Pawlak: tej władzy brakuje umiejętności zarządzania
- W bieżącej perspektywie finansowej te dopłaty będą na poziomie porównywalnym do tego, jaki udało się wynegocjować w Kopenhadze (w 2002 roku przed wstąpieniem Polski do UE - red.), dwa razy więcej niż wówczas Unia Europejska proponowała. Teraz okazuje się, że te podstawowe dopłaty bezpośrednie zostały obniżone o połowę. To pokazuje, że tej władzy brakuje umiejętności zarządzania - mówił przewodniczący Rady Naczelnej PSL.

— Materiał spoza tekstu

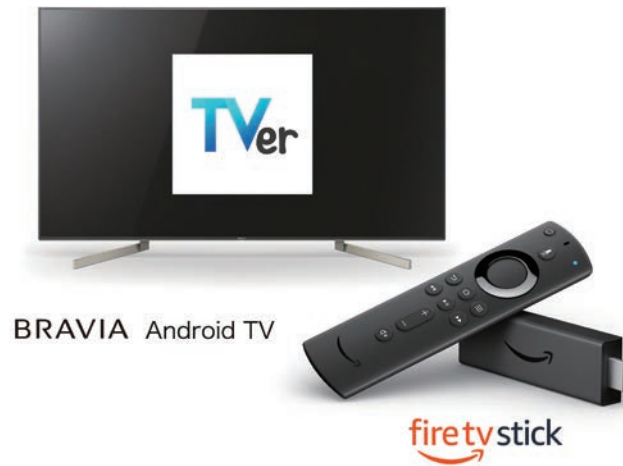
BRAVIA Android TV

*1 6/25現在、対応機種は、2015年以降に発売した Android TV 機能搭載 ソニーブラビア、Amazon Fire TV シリーズです。今後、対応機種は順次追加される予定です。
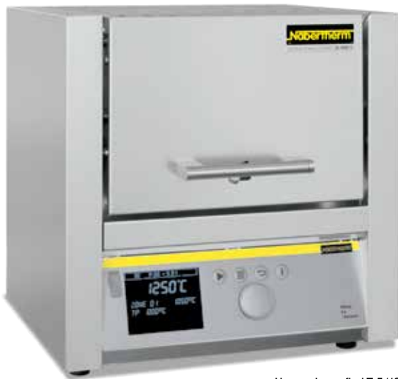
Horno de mufla LT 5/13
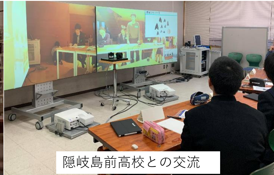
隠岐島前高校との交流
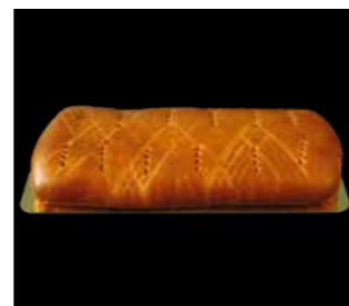
BIRNEN WEGGEN 24 x 10 cm Fr. 9.50
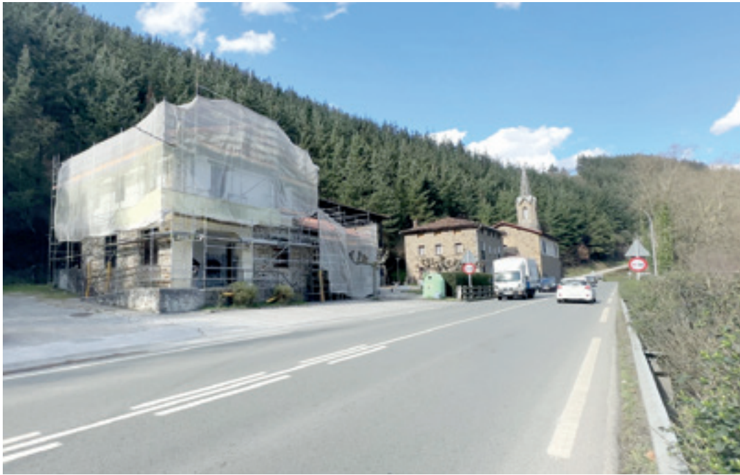
Elorregi auzoko Alkartasuna elkarteko teilatua konpontzeko lanak, asteon. MIKEL AGIRRE

- To samo dotyczy przykładu z ostatnich dni związanego z energią odnawialną. Wyłączano instalacje fotowoltaiczne, wiatraki, bo okazało się, że energii z OZE jest za dużo. W wielu krajach są już specjalne aplikacje pozwalające w gospodarstwach domowych wykorzystywać tę energię, gdy ona jest tańsza. Wiele zakładów przemysłowych z chęcią przystąpiłoby do takiego programu, żeby można byłoby kupić tańszą energię, kiedy jest jej nadmiar w sieci - powiedział Pawlak, który dodał, że "brakuje dobrego zarządzania".
- Tu nie chodzi o żadne sieci energetyczne, wielkie inwestycje, tylko o umiejętność rozplanowania produkcji w czasie i zaoferowania odpowiednich dynamicznych taryf energetycznych. Jeszcze raz powtórzę, że Polsce potrzebny jest dobry gospodarz - podkreślił.
Jarubas: w sprawie Tuska prokuratura chce gonić króliczka, a nie go złapać
Politycy PSL pytani byli także o komentarz do informacji o tym, że warszawska prokuratura okręgowa wszczęła śledztwo w sprawie przekroczenia uprawnień w 2014 roku przez ówczesnego premiera Donalda Tuska. Zawiadomienie w listopadzie zeszłego roku złożył Marek Falenta i odnosiło się ono do kontroli w spółce Składy Węgla. Prokuratura w oświadczeniu przesłanym TVN24 zastrzegła, że postępowanie nie jest prowadzone "przeciwko" Tuskowi, a "w sprawie". Jak czytamy, prokuratura "na tym etapie nie przesądza dalszego biegu postępowania, jak też nie planuje przesłuchiwać w postępowaniu Donalda Tuska".
- Klasyczny przykład operacji propagandowej. W starych czasach mówiono o zarzutach dotyczących kradzieży roweru. "Nie wiadomo, czy on ukradł rower, czy jemu ukradziono rower". Wiemy, że prokuratura prowadzi śledztwo, ale że dotyczy to ukrócenia procederu importu rosyjskiego węgla do Polski, ten szczegół jest już słabo słyszalny - powiedział Pawlak.
- Prokuratura dysponuje tymi materiałami już od 2017 roku. Nie przedstawiła zarzutów, tylko na nowo podejmuje działanie, po to aby "gonić królika, a nie go złapać". Chodzi o cel polityczny, jestem przekonany, że w tych materiałach nic obciążającego nie ma - dodał Jarubas.